### Exercise data
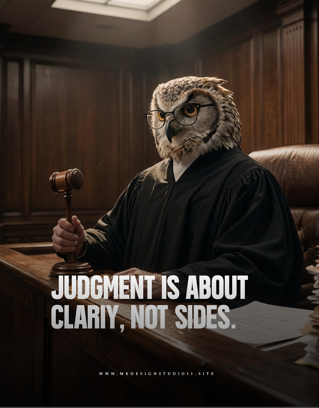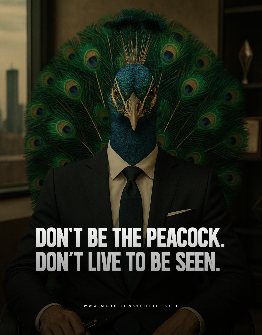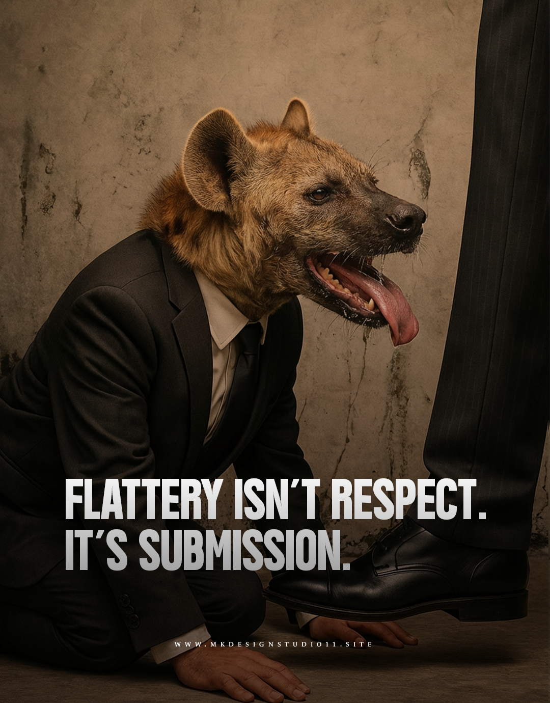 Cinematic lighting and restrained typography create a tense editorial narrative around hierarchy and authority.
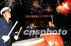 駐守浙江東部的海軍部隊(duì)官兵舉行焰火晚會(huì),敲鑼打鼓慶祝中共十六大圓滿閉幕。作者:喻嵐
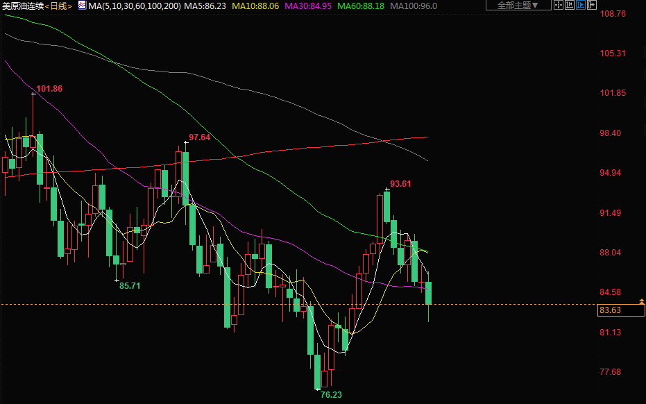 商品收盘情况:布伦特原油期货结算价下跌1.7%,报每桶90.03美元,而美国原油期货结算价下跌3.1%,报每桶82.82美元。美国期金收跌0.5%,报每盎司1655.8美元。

==

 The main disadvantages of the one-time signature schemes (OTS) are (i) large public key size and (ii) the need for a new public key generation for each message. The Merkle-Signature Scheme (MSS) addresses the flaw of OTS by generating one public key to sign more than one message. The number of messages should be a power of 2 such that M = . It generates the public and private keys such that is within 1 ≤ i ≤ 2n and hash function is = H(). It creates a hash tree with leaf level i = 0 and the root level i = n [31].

### Problem description
Take the material above from the line bearing "Cinematic lighting and" through the line bearing "商品收盘情况:布伦特原油期货" and write it out exactly, both end lines included. Pictures stay out.

### Reply
 Cinematic lighting and restrained typography create a tense editorial narrative around hierarchy and authority.
 駐守浙江東部的海軍部隊(duì)官兵舉行焰火晚會(huì),敲鑼打鼓慶祝中共十六大圓滿閉幕。作者:喻嵐
 商品收盘情况:布伦特原油期货结算价下跌1.7%,报每桶90.03美元,而美国原油期货结算价下跌3.1%,报每桶82.82美元。美国期金收跌0.5%,报每盎司1655.8美元。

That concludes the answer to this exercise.